TLDR: Wyndo from the AI Maker Substack newsletter tackles the recurring questions from readers about building AI-powered automation workflows, specifically whether non-technical people can do it and whether the knowledge will hold up over time. The answers are more nuanced than the usual "yes, anyone can do AI" pitch you've heard a hundred times.

The premise here is familiar if you follow the AI newsletter space. Someone is selling a paid subscription, and they're doing it by acknowledging the objections rather than bulldozing past them. But the questions Wyndo is answering are genuinely interesting, because they're the same ones I hear from developers and non-developers alike. Can someone without a coding background actually build agent workflows? And more importantly, should they trust that the investment of time and money will pay off when the tooling changes every three months?

On the non-technical audience question, the argument is that the blueprints do the decision-making for you. You follow along, you end up with something that runs, and you learn the shape of the problem even if you didn't design the solution yourself. There's something honest about this framing. A lot of "no-code AI" content glosses over the fact that wiring together agents still requires a mental model of how data flows, what triggers what, and where things break. The claim isn't that it's trivial, it's that the cognitive scaffolding is already built into the guides.

The point about knowledge compounding is the one I find most defensible. The specific tool will change, and if you've been around software long enough you've watched entire ecosystems rise and collapse. But the way you reason about composing AI systems, the instinct for what makes a good agent boundary versus a bad one, that does transfer. It's similar to how understanding SQL fundamentally is worth more than memorizing the quirks of any particular ORM. The specific syntax gets replaced, the conceptual foundation doesn't.
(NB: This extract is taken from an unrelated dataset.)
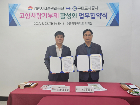 | 김천시 시설관리공단(이사장 김재광)은 고향사랑기부제 활성화를 위해 작년(23년도) 문경관광진흥공단에 이어 지난 23일 구미도시공사와 2024년 고향사랑기부제 업무협약을 체결했다고 밝혔다.

The tool choice commentary is worth noting. The newsletter is currently built around Claude rather than ChatGPT, specifically because of agentic capabilities. That's a reasonable call given where the models are right now, though it's also a bet that could look dated by the time you're reading this. The acknowledgment that they'll expand to other frontier models as they catch up is refreshingly honest, more so than newsletters that pretend there's only one tool worth knowing.

Key takeaways:

  • Non-technical users can build AI agent workflows if the setup decisions are made for them upfront, but they still need to develop a mental model of how these systems work
  • The underlying reasoning about AI systems compounds over time even as specific tools become obsolete, which makes learning the concepts worth the investment
  • Claude is currently the focus for agentic workflows due to its capabilities, with plans to expand as other models catch up
  • The most common frustration in the AI content space is tool overwhelm, and the counter-approach is going deep on use cases rather than broad on new apps

Why do I care: From an architecture perspective, the question of "how do I teach someone to think about agent boundaries" is the same question we've been wrestling with in software design for decades. The interesting thing about the current AI wave is that it's forcing people who've never thought about system design to confront it directly. When you're wiring together an agent that reads email, summarizes it, and takes action, you're making architectural decisions whether you realize it or not. Content that teaches the thinking rather than just the clicking is genuinely more valuable, even if the packaging here is a sales email.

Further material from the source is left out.